» **Description of the task**: Leave the pictures aside. Retype exactly the lines from the top of the data below through the one holding "Regardez ce que".

» **Input data**:
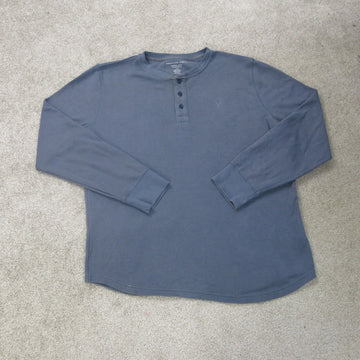 American Eagle Shirt Mens Large Gray Henley Neck Logo Lightweight Super Soft
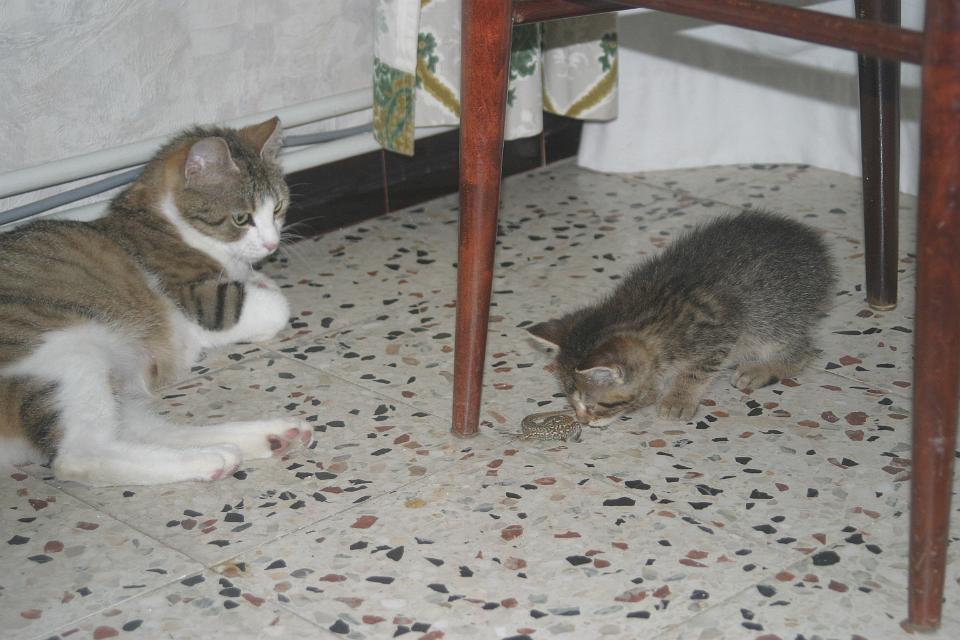 Regardez ce que je vous ait trouv� :) Tiens, entraines toi ! Je l'ai eu ! Je veux jouer aussi ! Mais il est vivant ? Oups! il m' �chapp�, la m�re se demande bien comment il va s'en sortir Maman ? �a sait nager un l�zard ? ... ... bon, laisse, je vais aller � la p�che ... Bon, et bien c'est fini, Avrel a russi � noyer le l�zard ... Autre tentative, cette fois plus glorieuse semaine 05, premieres sortiesJe pars a l'aventure
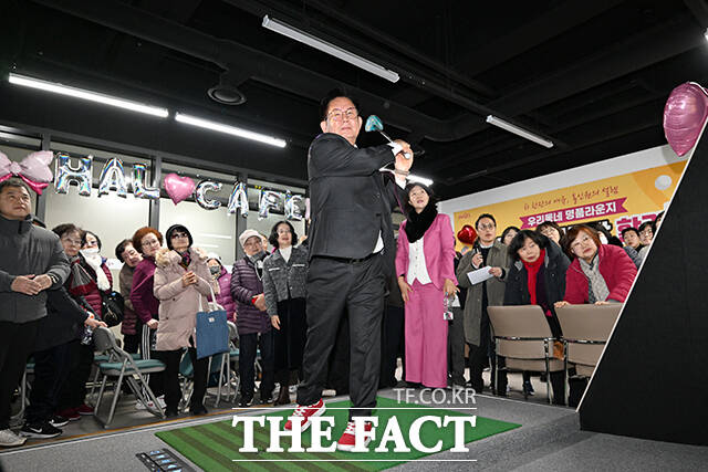 [더팩트ㅣ서예원 기자] 박강수 마포구청장이 4일 오후 서울 마포구 백범로에 마련된 ‘할카페’ 개소식에 참석해 골프 시연을 하고 있다.

» **Your solution**:
 American Eagle Shirt Mens Large Gray Henley Neck Logo Lightweight Super Soft
 Regardez ce que je vous ait trouv� :) Tiens, entraines toi ! Je l'ai eu ! Je veux jouer aussi ! Mais il est vivant ? Oups! il m' �chapp�, la m�re se demande bien comment il va s'en sortir Maman ? �a sait nager un l�zard ? ... ... bon, laisse, je vais aller � la p�che ... Bon, et bien c'est fini, Avrel a russi � noyer le l�zard ... Autre tentative, cette fois plus glorieuse semaine 05, premieres sortiesJe pars a l'aventure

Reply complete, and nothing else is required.